Exercise prompt
Print the whole listing again exactly as it stands, leaving out any images.

Task data
- - -

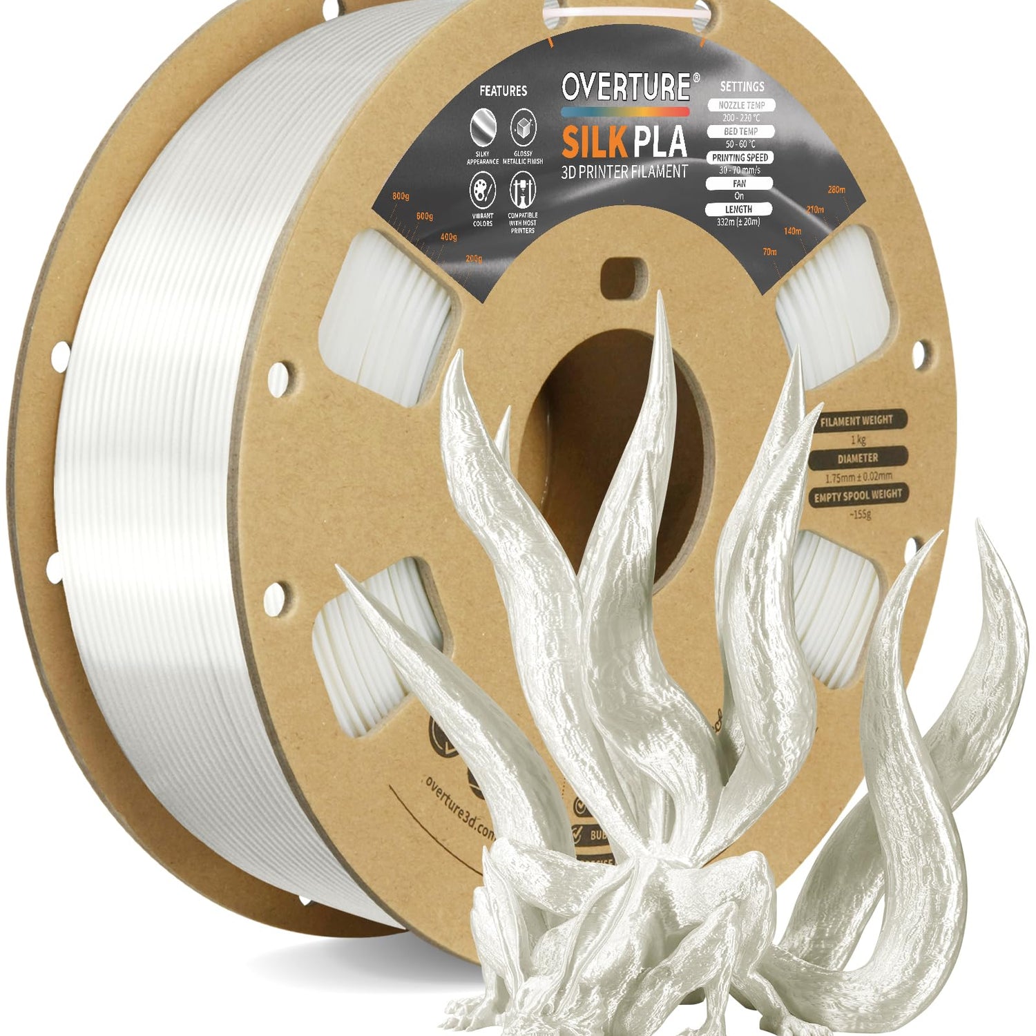 - 【Shinning Silk PLA】The Overture Silk PLA filament delivers a smooth and lustrous finish to your 3D printed creations, adding a touch of luxury and sophistication to your art and designs.With its exceptional dimensional accuracy and consistency, this filament ensures precise and detailed prints, allowing you to bring your ideas to life with professional-grade quality
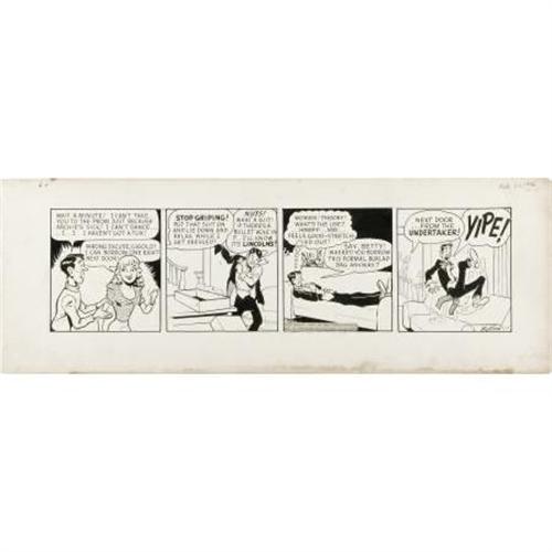 <B>Bob Montana - Archie Daily Comic Strip Original Art, dated 2-22-46 (McClure Syndicate, 1946).</B></I> Jughead and Betty star in this, the seventeenth Archie daily. This strip has an image area of 19" x 5", and aside from some staining in the bottom border (outside the image area), the art is in Excellent condition.<BR><BR><b>Shipping:</b> Flat Material, Large (<a target="_blank" href="http://www.heritageauctions.com/common/shipping.php">view shipping information</a>)
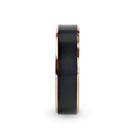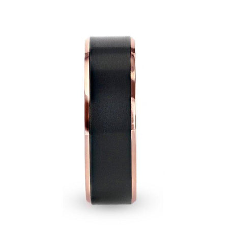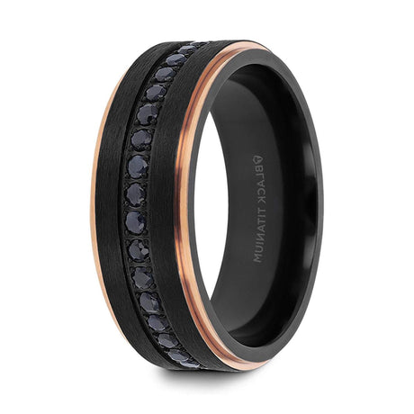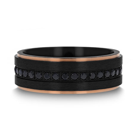 8mm ASTRO Brushed Black Titanium Ring W/ Rose Gold Edges & Black Sapphire all around
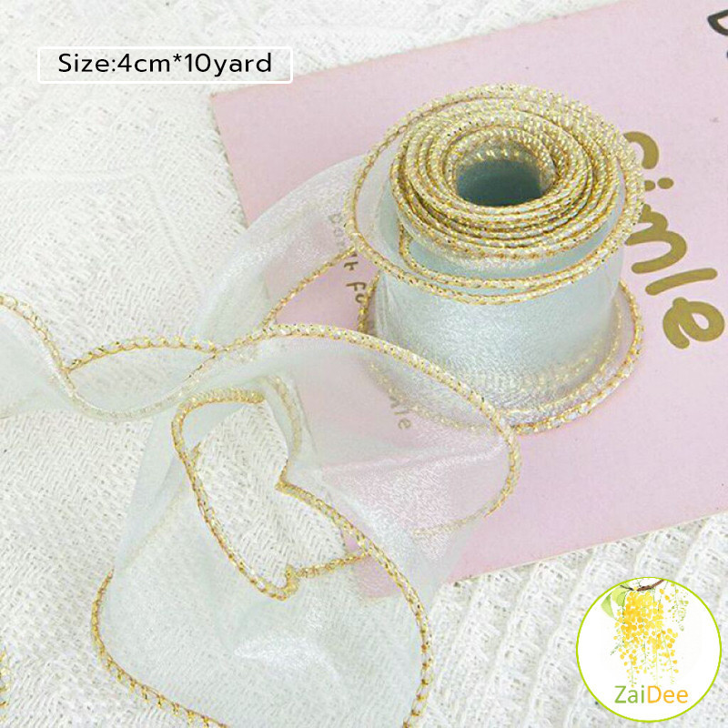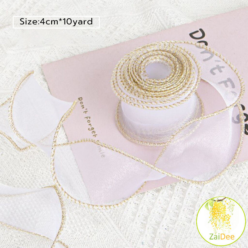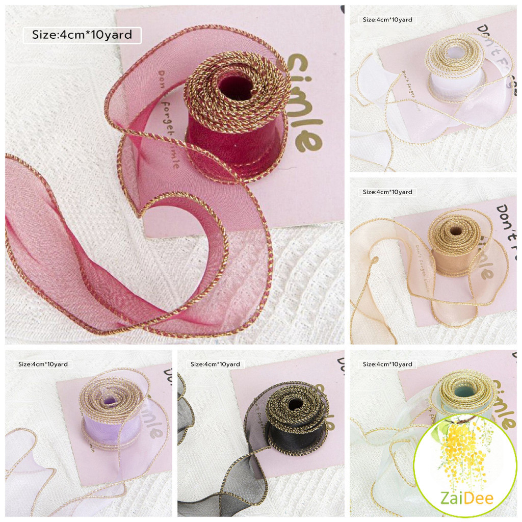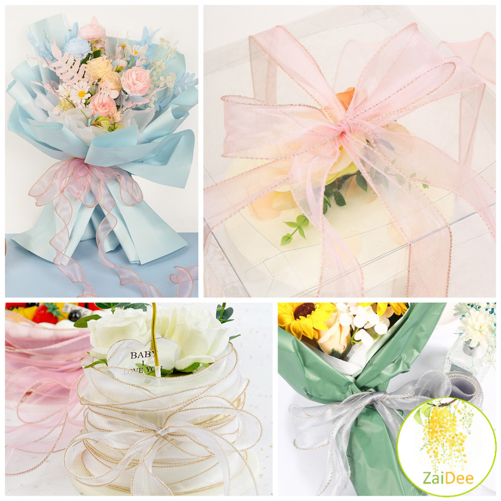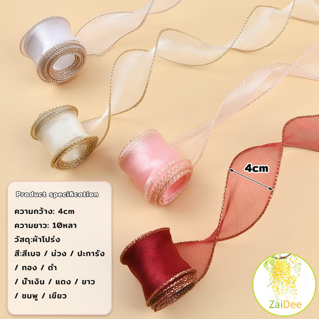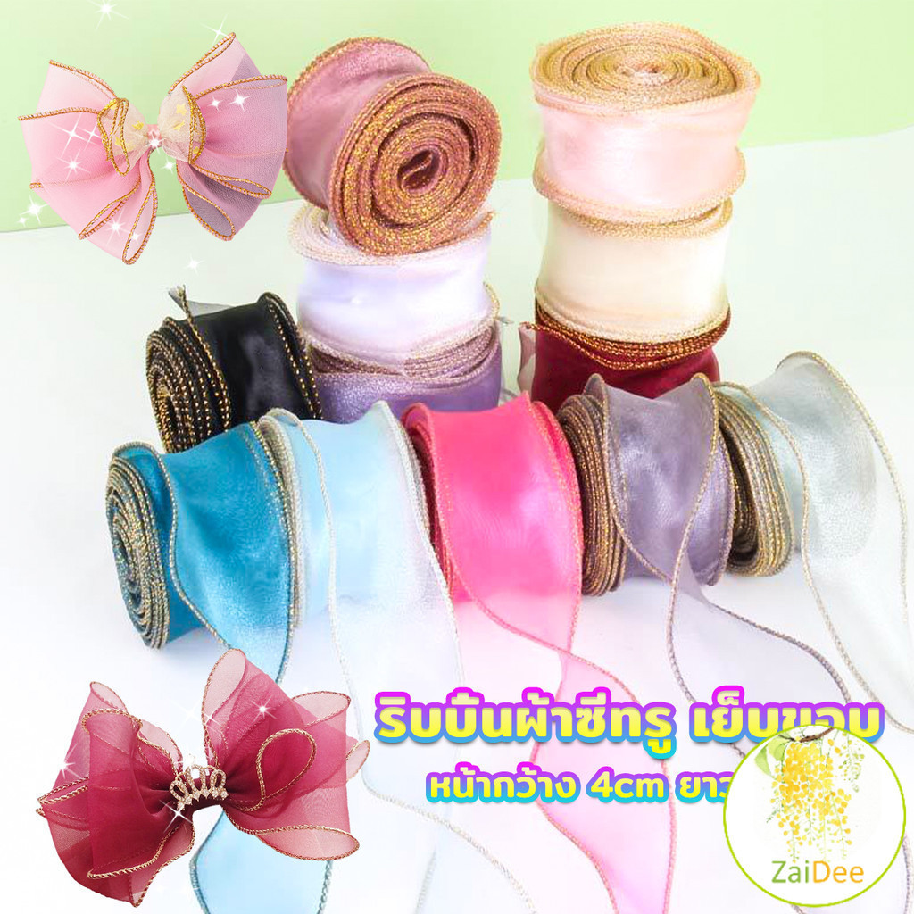 ริบบิ้นผ้าใยแก้ว ผ้าโปร่ง เย็บขอบ หน้ากว้าง 4 cm สําหรับตกแต่งเค้ก ริบบิ้นโปร่ง Organza Ribbon
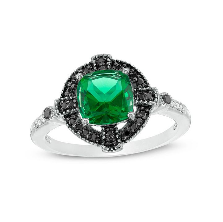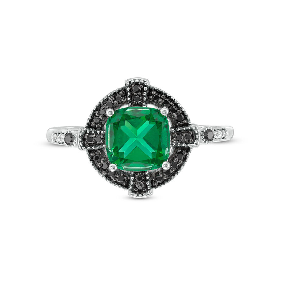 Crafted from 10K white gold, featuring a central cushion cut lab-created emerald (size unspecified) and 0.15 CT.T.W. of lab-created black and J-color white diamonds (I3 clarity).

- - -

Solution for this task
 - 【Shinning Silk PLA】The Overture Silk PLA filament delivers a smooth and lustrous finish to your 3D printed creations, adding a touch of luxury and sophistication to your art and designs.With its exceptional dimensional accuracy and consistency, this filament ensures precise and detailed prints, allowing you to bring your ideas to life with professional-grade quality
 <B>Bob Montana - Archie Daily Comic Strip Original Art, dated 2-22-46 (McClure Syndicate, 1946).</B></I> Jughead and Betty star in this, the seventeenth Archie daily. This strip has an image area of 19" x 5", and aside from some staining in the bottom border (outside the image area), the art is in Excellent condition.<BR><BR><b>Shipping:</b> Flat Material, Large (<a target="_blank" href="http://www.heritageauctions.com/common/shipping.php">view shipping information</a>)
 8mm ASTRO Brushed Black Titanium Ring W/ Rose Gold Edges & Black Sapphire all around
 ริบบิ้นผ้าใยแก้ว ผ้าโปร่ง เย็บขอบ หน้ากว้าง 4 cm สําหรับตกแต่งเค้ก ริบบิ้นโปร่ง Organza Ribbon
 Crafted from 10K white gold, featuring a central cushion cut lab-created emerald (size unspecified) and 0.15 CT.T.W. of lab-created black and J-color white diamonds (I3 clarity).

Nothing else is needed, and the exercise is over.